Une offensive de grande ampleur a été relancée par la ministre de l’enseignement supérieur, sur le thème de « la lutte contre l’islamo gauchisme » qui « gangrènerait » l’université.

Devant la vague de protestations et de dénonciations venant des universitaires, mais qui s’élargit de jour en jour, la ministre a poursuivi ses attaques, avec le renfort de Blanquer, qui avait lancé ce même type d’attaques en octobre et celui de Darmanin qui brandit le texte de loi sur le séparatisme, qui vient d’être voté au Parlement par tous les députés macroniens.

Parmi les initiatives prises, il y a la pétition exigeant la démission de Vidal.

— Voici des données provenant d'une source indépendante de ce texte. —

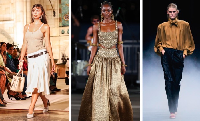 Pleats alias lipit-lipit halus kembali jadi sorotan musim ini. Tidak lagi tampil sebatas manis, pleats hadir dengan interpretasi modern yang lebih dinamis. Tory Burch memamerkan rok midi dengan lipatan asimetris yang ringan, sementara Cucculelli Shaheen menampilkan gaun bernuansa emas yang memadukan kemewahan tekstur dengan konstruksi lipatan yang hidup. Gerakan kain yang berayun tiap langkah memberi kesan chic sekaligus effortless. Pleats ini seakan menegaskan bahwa detail klasik pun bisa tampil serba kontemporer.
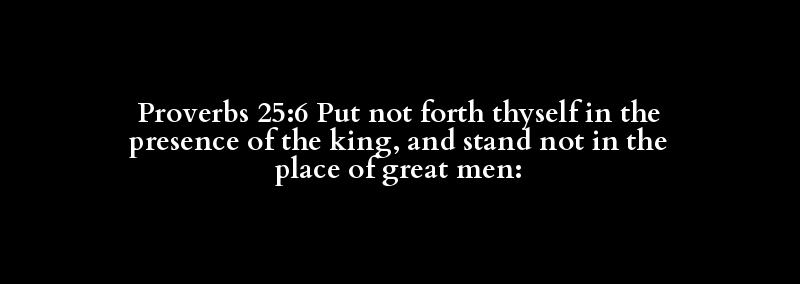 Proverbs 25:6 Put not forth thyself in the presence of the king, and stand not in the place of great men:
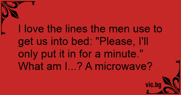 I love the lines the men use to get us into bed: "Please, I'll only put it in for a minute."
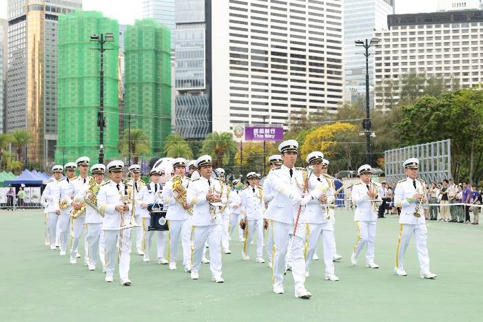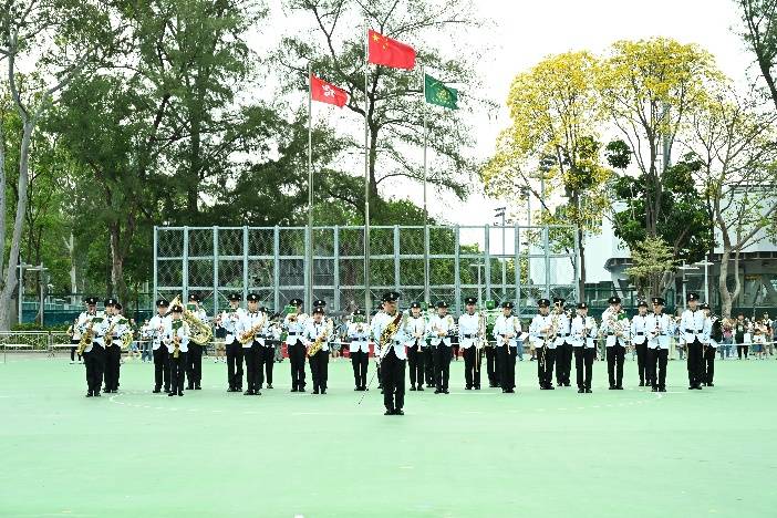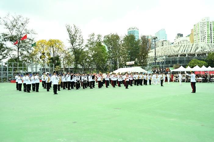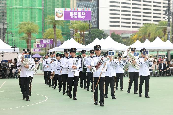 军乐汇演环节将活动气氛推向高潮。纪律部队乐队与香港童军乐队联合演奏,乐声铿锵有力,为典礼增添庄严而热闹的氛围。随后各乐队先后独立献技,赢得现场观众阵阵掌声与欢呼。
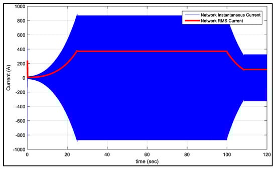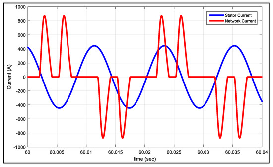 Figure 18 shows the extracted current–time from the network by motor–drive set and Figure 19 shows the details of extracted current from the network by the motor–drive set and stator current.
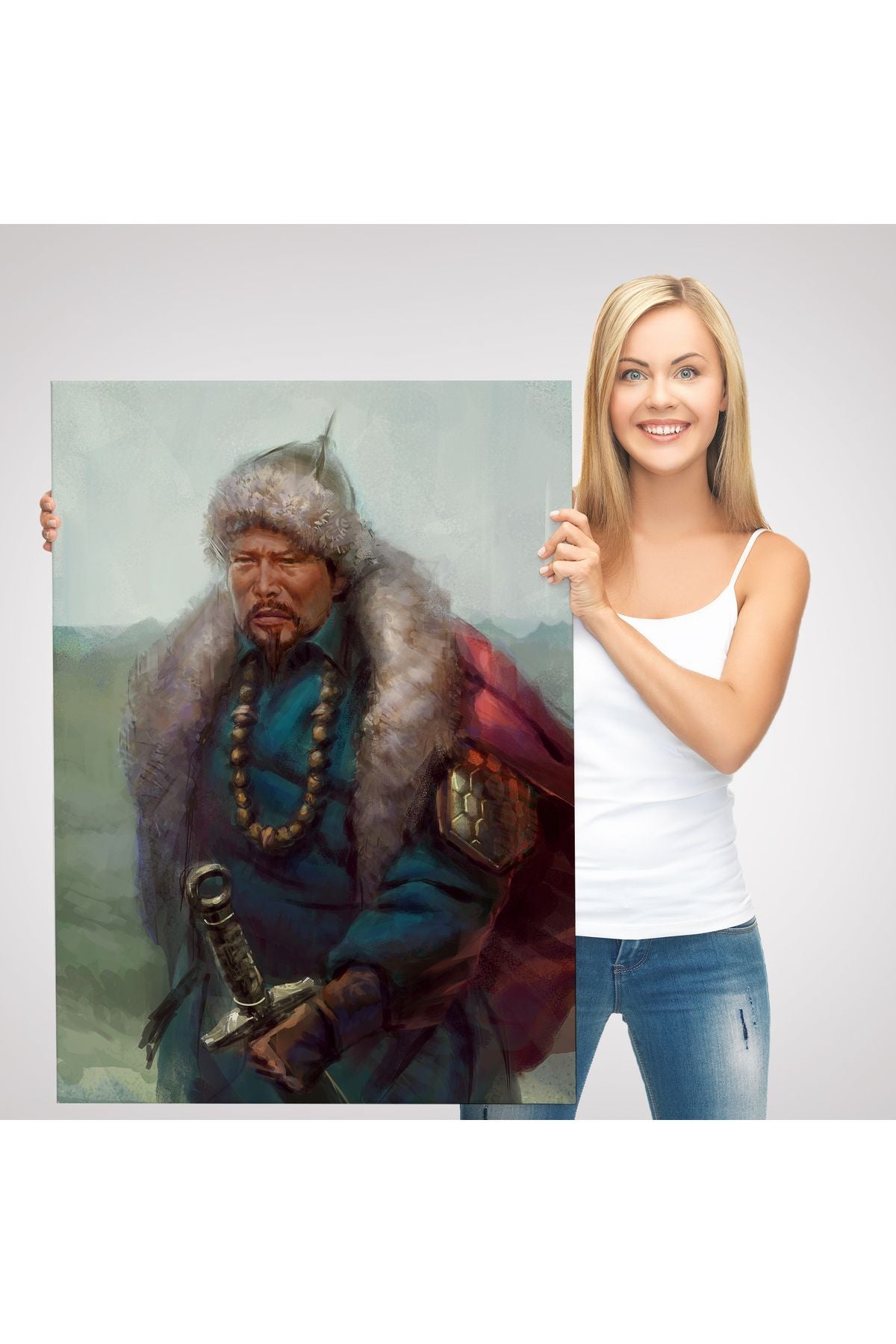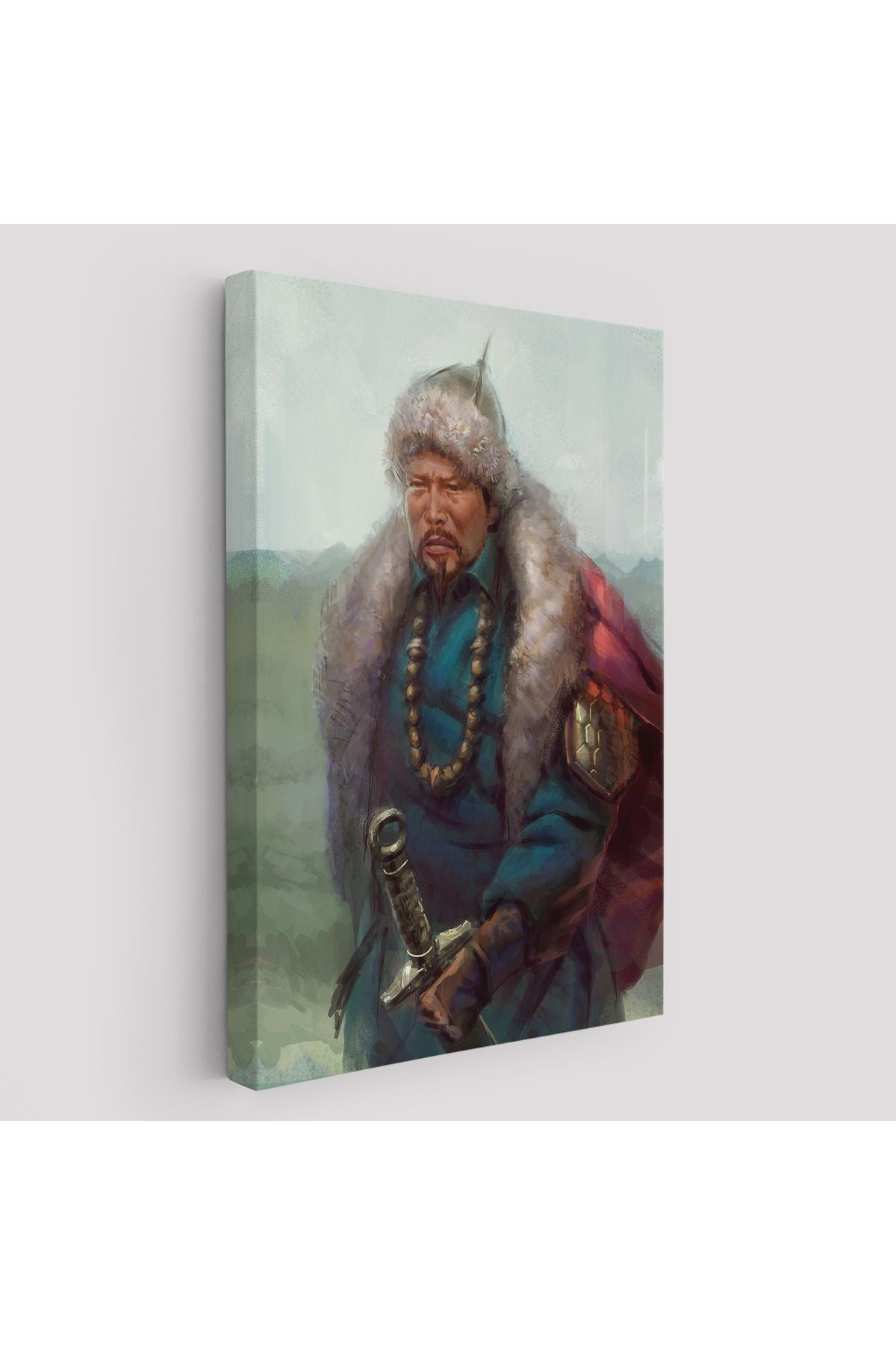 Cengiz Han Moğol Ordular Komutanı Yağlıboya Dekoratif Kanvas Tablo-5965

Ce texte qui a été publié avec 600 signatures, dénonce le contenu de cette offensive réactionnaire, la « chasse aux sorcières » et la mise au pas politique et idéologique qu’elle  annonce. Il rappelle à juste titre l’inaction totale de la ministre devant la situation dramatique des étudiants frappés de plein fouet par la crise sanitaire et revient sur la Loi de Programmation de la Recherche que Vidal a défendue avec acharnement, alors qu’elle a été largement contestée par le milieu universitaire.

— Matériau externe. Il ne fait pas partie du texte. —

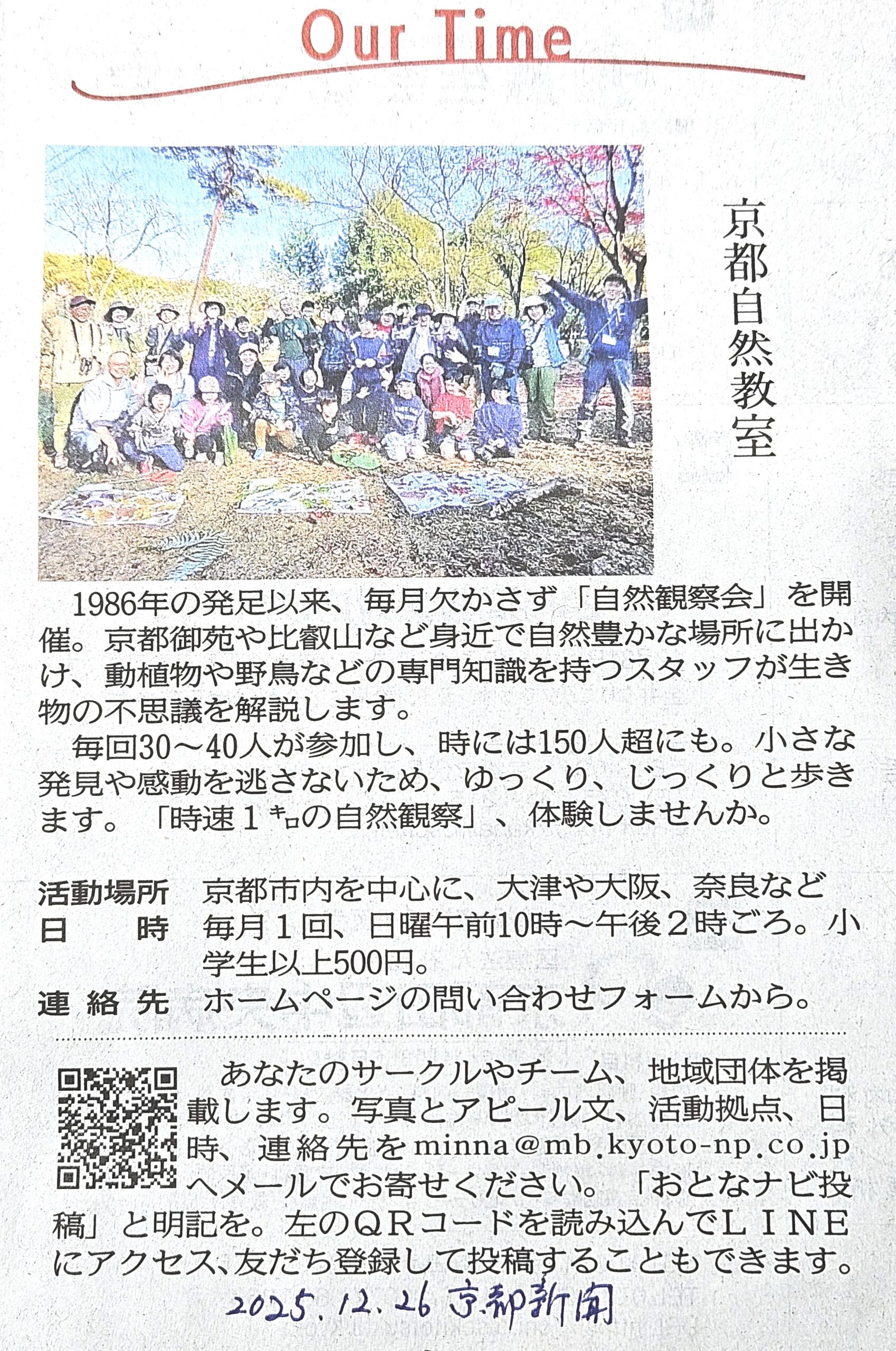 2025年12月26日の京都新聞に京都自然教室の活動が紹介されました。写真は2025年11月30日に開催した「紅葉・黄葉を観察しよう」(嵐山、小倉山)での写真です。

Nous partageons l’exigence de démission de cette ministre et appelons à la relayer.

Nous publions le texte de la pétition ci-dessous et ajoutons l’article paru dans La Forge de novembre, sur cette notion dangereuse qui veut s’imposer dans le débat, à savoir l’islamo-gauchisme. Nous reviendrons bien évidemment sur cette offensive réactionnaire dans notre prochain journal.

Pétition : Vidal démission !

Tribune publiée par le Monde

Le mardi 16 février, à l’Assemblée nationale, la ministre de l’enseignement supérieur, de la recherche et de l’innovation, Frédérique Vidal confirmait ce qu’elle avait annoncé deux jours plus tôt sur la chaîne Cnews : le lancement d’une « enquête » sur l’ « islamogauchisme » et le postcolonialisme à l’université, enquête qu’elle déclarait vouloir confier au CNRS à travers l’Alliance Athéna. Les raisons invoquées : protéger « des » universitaires se disant « empêchés par d’autres de mener leurs recherches », séparer « ce qui relève de la recherche académique de ce qui relève du militantisme et de l’opinion » ainsi que … « l’apparition au Capitole d’un drapeau confédéré ».

Si le propos manque de cohérence, l’intention est dévastatrice : il s’agit de diffamer une profession et, au-delà, toute une communauté, à laquelle, en tant qu’universitaire, Frédérique Vidal appartient pourtant et qu’il lui appartient, en tant que ministre, de protéger. L’attaque ne se limite d’ailleurs pas à disqualifier puisqu’elle fait planer la menace d’une répression intellectuelle, et, comme dans la Hongrie d’Orban, le Brésil de Bolsonaro ou la Pologne de Duda, les études postcoloniales et décoloniales, les travaux portant sur les discriminations raciales, les études de genre et l’intersectionnalité sont précisément ciblés.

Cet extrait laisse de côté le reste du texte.